Both approaches fail to grasp present realities. Placing terrorism in context of a historical crisis between the West and Arab and Islamic peoples, the causal approach is on the whole correct but simplistic. Arabs and Muslims in the past frequently sought recourse to other forms of protest against Western hegemony: why, therefore, has terrorism risen to the fore today?
The most salient reasons are twofold: first, the total dependency in which the West holds Arab and Islamic governments; second, the West's growing monopoly over modern technology, international monetary organisation and mammoth transnational conglomerates.
There is a gulf between Arab and Islamic peoples and their governments, propped up by Western powers and internal security apparatuses, and between the Arab and Islamic world and the West characterised by gross economic disparity, encouraging the rise of a rigidly fundamentalist mindset, hostile to all but its own selective interpretations of Islamic scriptures.

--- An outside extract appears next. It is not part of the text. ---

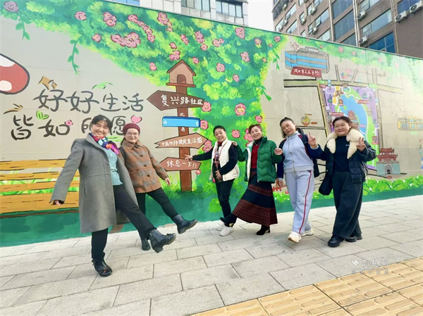 “復(fù)興時光里”特色手繪墻成現(xiàn)場打卡熱點,墻上不僅繪有社區(qū)特色地圖與“十五分鐘生活圈”元素,還承載著居民的共同記憶,為社區(qū)文化建設(shè)添上靚麗一筆,成了鄰里溫情與社區(qū)活力的見證。
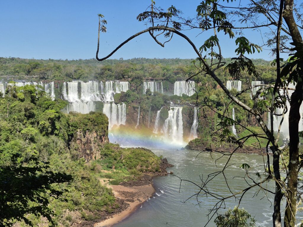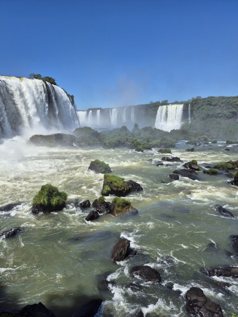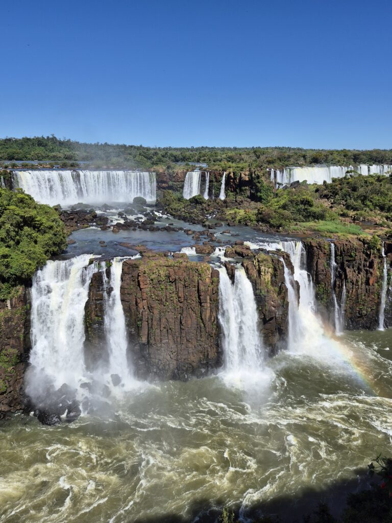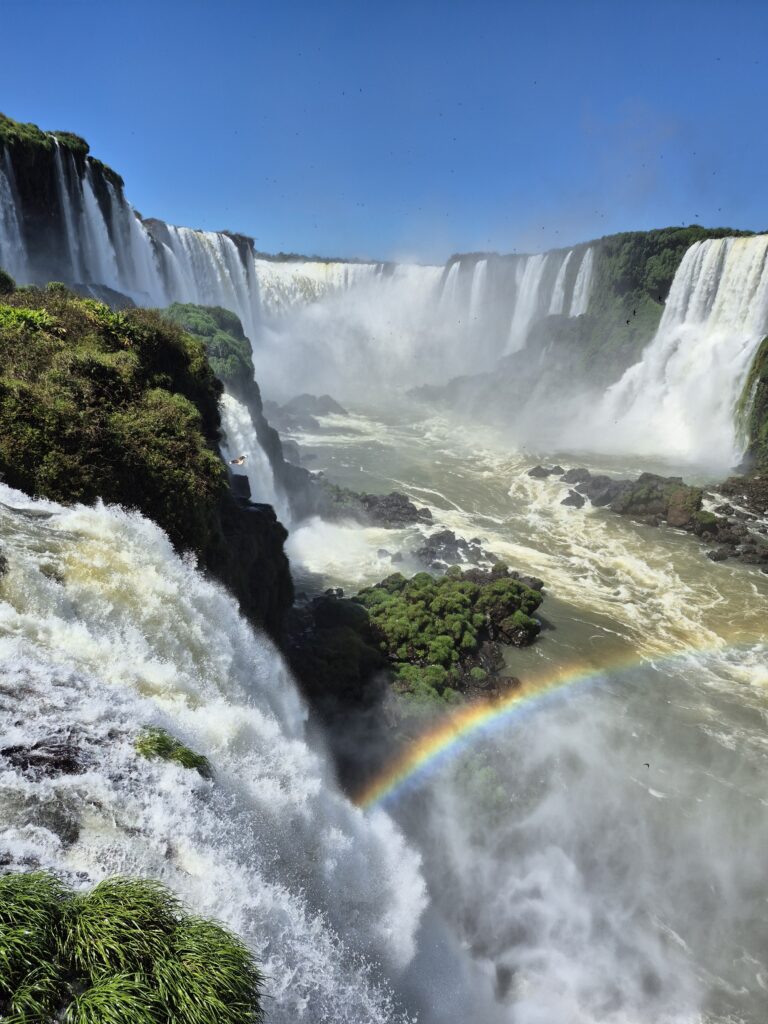 Une fois descendus du bus, nous commençons à emprunter la première passerelle. Là encore, nous avons la chance que la fréquentation soit faible, ce qui nous laisse du temps pour profiter. Petit à petit, le spectacle s’intensifie. De nombreux arcs en ciel apparaissent au pied des chutes d’eau, créant une atmosphère féérique, presque mystique. Plus on avance, et plus c’est beau. On ne nous avait pas menti, les chutes de ce côté sont magnifiques. On peut non seulement voir celles que nous avons la veille mais en plus, celles qu’on ne pouvait soupçonner. La passerelle nous conduit jusqu’au pied des chutes, où l’eau s’abat avec fracas, déplaçant l’air avec force et formant un nuage de gouttes d’eau rafraichissantes. On se croirait sur la côte normande en pleine tempête! Ici encore, la Nature nous offre généreusement ce qu’elle a de plus beau, de plus pure. L’eau, si abondante ici, donne à la végétation sa force et sa grandeur et me renvoie à mes pensées… Le merveilleux existe, il est là, devant nos yeux et sous nos pieds. L’eau est créatrice de toute vie, elle est partout autour de nous, en nous. Et nous avons une grande responsabilité : la préserver.

To offset this increasingly dire situation what is needed is an Arab-Arab dialogue aimed at regaining the political-moral initiative by championing universalist and humanitarian values in the Arab and Islamic civilisation. Simultaneously, an Arab-Western dialogue must be set in motion with the aim of restructuring this relationship on rational and equitable bases.
This week's Soapbox speaker is professor of mass communication at Cairo University.